In Ideas, Husserl takes a brief detour to explore the ontological boundaries of phenomenology. Here he discerns "primary" or "sensory" contents from "the experience or phases of experience, which are the bearers of the specific quality of intentionality" (p. 174). These are the fundamental elements of phenomenological ontology: sensory contents and intentionality. This short list might certainly raise the eyebrows of speculative realists, as each item on the list seems to suggest the necessity of the human-correlate. But this is specifically the problem that Husserl wishes to address in this passage (pp. 174-178). To do so, he clarifies the ambiguity in the category of "sensory contents".

Husserl explains that the adjective "sensory" immediately suggests two meanings, and that this ambiguity may prove ontologically problematic. Sensory could refer to that which is mediated through the "senses" in normal outer perception. This is the object before it is intended: a necessary but not sufficient condition for intentionality. Sensory might also indicate the necessity of a subject who is sense-bestowing. This limits the object to its availability to an intentional subject. "Thus, [in] all events," Husserl explains, "we need a new term which shall express the whole group through its unity of function and its contrast with the formative characters, and we choose for this purpose the expression hyletic or material data, also plainly and simply materials" (p. 176).

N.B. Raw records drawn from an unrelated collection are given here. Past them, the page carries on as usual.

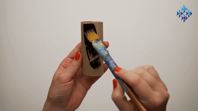 - Start by painting the toilet roll black. Careful not to make a mess!
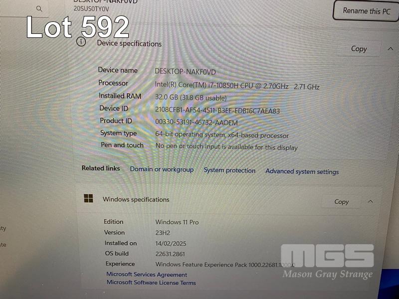 LAPTOP, LENOVO THINKPAD P15 GEN 1 MOBILE WORKSTATION, TYPE 20SU, CORE i7 10850H (10TH GEN) @ 2.7GHz, 32GB DDR4 RAM, 512GB NVMe M.2 SSD, 15.6" WIDESCREEN (1920x1080), 4GB NVIDIA QUADRO T2000 VIDEO, Wi-Fi, BLUETOOTH, WINDOWS 11 PRO INSTALLED (NO POWER SUPPLY) (NOTE: DAMAGED USB PORT, SPEAKER FAULT, MINOR MARKS ON SCREEN) S/N:PF1SQ8ZS
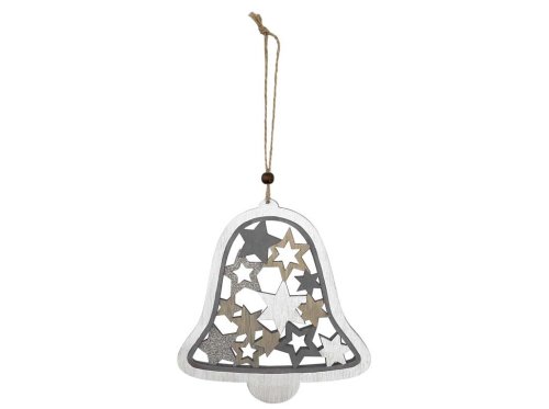 Závěs dřevo 160x170mm zvoneček s hvezdičkami, přírodní s glitrem, bílá
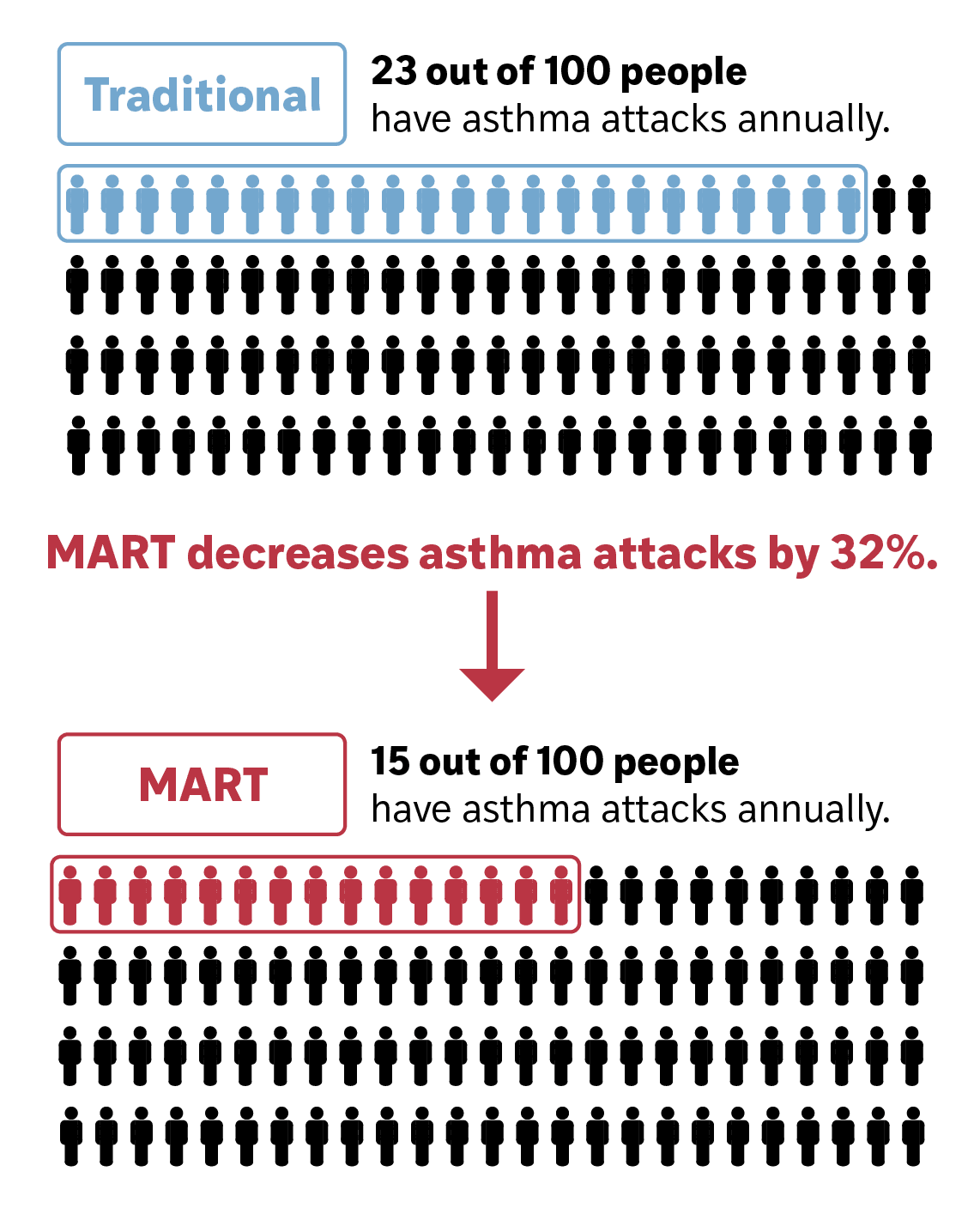 Multiple clinical trials show SMART reduces the risk of experiencing asthma exacerbations requiring systemic corticosteroids, ER visits, and hospitalizations.

Before moving on, it is important to discern hyletic data from psychical objects. This is due to the fact that Merleau-Ponty (1942/1962, 1945/1962) is very outspoken against the latter. Psychical, Husserl (1913/ 2002) explains, is too easily confused with "the distinctive object of psychology" and must therefore be guarded against (p. 177). When introspective psychologists such as Titchener identified objects of perception, they had in mind an empirical reality given in fact. Subjectivity, then, was understood as the pure-impression of objective reality. This is a position that is ontologically untenable. Such access to "[t]he pure impression is", Merleau-Ponty (1945/ 1962) explains, "not only undiscoverable but also imperceptible" (p. 4). The world of perception - of psychical objects - does not precede perception or cause perception. But this is not the same as Husserl's hyletic data. In order for hylé to become psychical objects (or objects of perception), they must undergo the transformation of intentionality. Thus it would be inaccurate and misleading to speak of them as particular psychical objects lying in wait for human consciousness. As hyletic datum, material provides a setting for an intentional event or otherwise.

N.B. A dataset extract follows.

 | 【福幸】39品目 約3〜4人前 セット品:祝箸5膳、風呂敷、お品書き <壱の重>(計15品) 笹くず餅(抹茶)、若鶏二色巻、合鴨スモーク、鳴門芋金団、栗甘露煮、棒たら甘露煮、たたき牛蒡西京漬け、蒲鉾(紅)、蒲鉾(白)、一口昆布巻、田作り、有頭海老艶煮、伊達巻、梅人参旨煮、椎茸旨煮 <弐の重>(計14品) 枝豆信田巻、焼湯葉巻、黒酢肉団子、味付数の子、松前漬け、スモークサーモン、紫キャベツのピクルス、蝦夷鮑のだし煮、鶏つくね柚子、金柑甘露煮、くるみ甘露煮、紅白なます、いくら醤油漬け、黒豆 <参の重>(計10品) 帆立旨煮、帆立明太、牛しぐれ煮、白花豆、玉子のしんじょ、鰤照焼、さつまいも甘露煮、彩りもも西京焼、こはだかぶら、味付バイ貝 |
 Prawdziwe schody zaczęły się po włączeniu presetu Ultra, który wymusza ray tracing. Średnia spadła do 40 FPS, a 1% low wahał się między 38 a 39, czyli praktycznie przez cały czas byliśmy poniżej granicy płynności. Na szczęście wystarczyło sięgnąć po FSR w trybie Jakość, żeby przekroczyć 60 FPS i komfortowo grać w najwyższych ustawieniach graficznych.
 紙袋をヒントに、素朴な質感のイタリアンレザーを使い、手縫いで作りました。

Hylé includes the sensibility of matter without being limited to its availability to human consciousness. This avoids the correlationist suggestion that objects are necessarily waiting around to be intended by humans. Based on the twofold character of sensibility just outlined, phenomenology may be understood as a twofold project: "The stream of phenomenological being has a twofold bed: a material and a noetic" (Husserl, 1913/2002, p. 178). Husserl continues - "Phenomenological reflexions and analyses which specially concern the material may be called hyletically phenomenological, as, on the other side, those that relate to noetic phases may be referred to as noetically phenomenological" (p. 178). Accordingly, phenomenologists may explore the noetic world, beginning with its presentation to and transformation by consciousness. Phenomenology may also begin with matter - "which contains in itself nothing intentional" (p. 175); it may begin with the object. There is nothing in phenomenological ontology that prevents the consideration of the object. Husserl does, however, share which of the two tasks he finds the most rewarding: "the incomparably more important and fruitful analyses belong to the noetical side" (p. 178). Indeed, this is where he spends the bulk of his career. In what follows, I will outline a programme of hyletic phenomenology with the help of Merleau-Ponty.

Michel Henry (1990/2008) analyzed Husserl's brief mention of hyletic phenomenology in an essay of the same name; here he shares his frustration at what precious little attention (four pages) hyletic material has received from Husserl. Hylé, Henry argues, provides a point of departure into radically immanent phenomenology - one that avoids the presupposed reduction to the transcendental (in a manner consistent with Spinoza). As such, Merleau-Ponty's "paradox of immanence and transcendence" would be no paradox at all. This differs from the present analysis, where Merleau-Ponty's discussion of the uncanny will be consulted in the consideration of hyletic phenomenology.

 

Merleau-Ponty's Event

Concerning the aims of this paper, it is important to emphasize the significance of the criticism of correlationism that speculative realism has issued with regard to phenomenological ontology. This has been taken seriously. The continued emphasis on objects qua intentional-objects, to the neglect of objects as entities antecedent to experience, is no longer necessary. Continuing to insist upon the "onefold bed" of noetic phenomenology is to defend against a long-benign threat. By relaxing its defensive posturing against naïve realism, additional benefits of phenomenological ontology may rise to the fore. That is to say that phenomenology may embrace its twofold task of hylé and nous.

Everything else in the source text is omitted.